Jumbo-sized plan for pachyderms
For anyone to generate a significant shift, a partner with the same mindset to double the impact is needed, especially when the vision is backed by science, writes Myrtle Ryan
DR HEINZ Kohrs feels strongly that elephants should be allowed to roam the vast spaces of Africa and recently penned an impassioned letter to the Minister of Environmental Affairs to support plans for a mega transfrontier conservation corridor extending from Kwazulu-natal through to Tanzania.
Twenty years ago, Kohrs and Digs Pascoe founded the Space for Elephants Foundation. Given Pascoe’s failing health, Kohrs – who practises in Pongola and also owns the White Elephant Safari Lodge in the Pongola Game Reserve – continues to hold high the flame of their dream: a vast conservation corridor for elephants to roam from Thula-thula Game Reserve near Nkwaleni in Zululand, along the Lebombo mountain range, including the Kruger National Park and Limpopo Transfrontier Park, up through western and northern Mozambique, Malawi and into Tanzania.
It is a truly jumbo-sized vision requiring the dropping of a multitude of fences and a change of mindset.
While humans pontificate and squabble over fences, herds of elephants, some 76-strong, are already showing us the way, says Kohrs. “They have waded and swum their way along the western shores of the Pongolapoort (Jozini) Dam, and settled into the Royal Jozini Big Six in Swaziland.
“Part of the herd then headed along the dam’s eastern shores are now contentedly ensconced in Ezemvelo KZN Wildlife’s Pongola Nature Reserve East,” says Kohrs.
In so doing, the herd, complete with newly-borns, have circumnavigated fences not only demarcating different reserves, and an international border which, of course, means nothing to the jumbos.
Heike Zitzer monitors the perambulating pachyderms – a role she has played for the past nine years. She can identify each elephant by a nick or tear in an ear, a scar, the shape of its tusks. She also meticulously records scientific findings on their movements, foraging and behavioural patterns on a daily basis
Zitzer, 46, who studied nature conservation, is also studying the impact of vasectomy (surgical male sterilisation) on elephants.

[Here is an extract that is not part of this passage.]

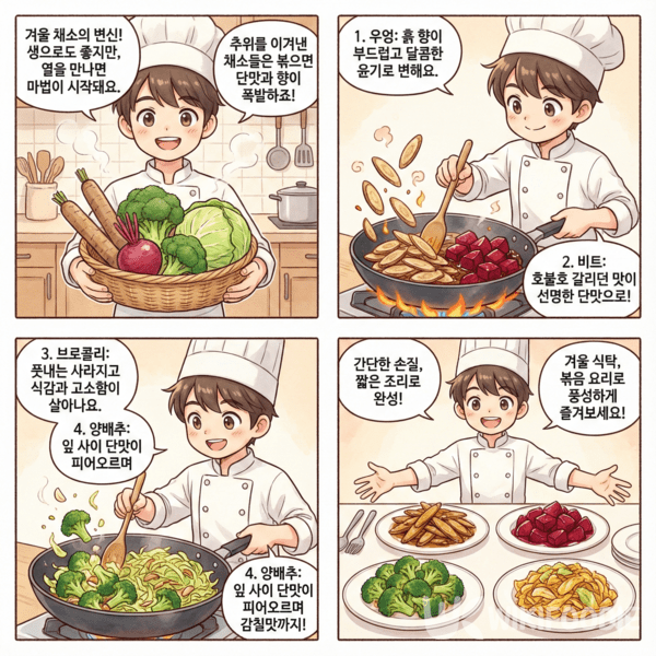 생채소는 아삭한 식감이 장점이지만, 열을 만나면 질감이 부드러워지고 숨겨져 있던 향과 단맛이 살아난다. 겨울 채소는 저온에서 자라며 당도와 조직 밀도가 올라가는 특징이 있어 가열 조리에 잘 맞는다. 팬에 살짝 볶는 과정만으로 성질이 완전히 바뀌는 식재료도 여럿이다.

“It is the only such longterm study in the world,” she says. “In the medium-term, there has been no change in the behaviour of the seven Pongola Game Reserve males that were vasectomised in 2008.
“Nor have the six elephants which have been placed on the contraceptive GNRH recently, via darting, shown any major behavioural changes yet. These bulls are still ‘mating’, blithely unaware they don’t stand a chance (of siring a calf).
Zitzer is particularly interested in how the females ultimately respond. “Will they work out that something is wrong? Will they realise that though the dominant bulls are mounting them, there is a decline in the number of babies? Will they start mating with the younger males? I am monitoring to see if there is a change in the attitudes of both sexes; the intervals between calving; and whether the females will come into oestrus more frequently.”
Zitzer goes into Swaziland for a week each month to check on the group, who have chosen to remain there, while others have moved on. As she relates the story of the arrival of two groups, known as the Family Herd, she digs deep into a veritable mine of information on elephants, much of it based on associated scientific studies using telemetery (transmission of electronic data). The elephants were translocated from Kruger to Pongola Game Reserve as a fully functioning group with a matriarch, in 1997. As a result of culling in Kruger, the Orphan Herd (a teenage elephant bond group without a matriarch or older elephants to mentor them) were also translocated to Pongola Game Reserve.
In 2000, Ngani, already living on the Pongola Game Reserve, wandered out using the underpass beneath the N2 and found his way to Milimani Game Sanctuary (now Somkhanda Game Reserve) about 50km away, where he linked up with the four females and one male of the Orphan Herd.
“When Ngani returned to Pongola Game Reserve, these orphans followed him,” says Zitzer, whose scientific work underpins the vision of Space for Elephants.
At the centre of the vision of elephants being able to move from one area to another is the active participation and empowerment of people living adjacent to the corridor areas through the creation of interrelated small businesses.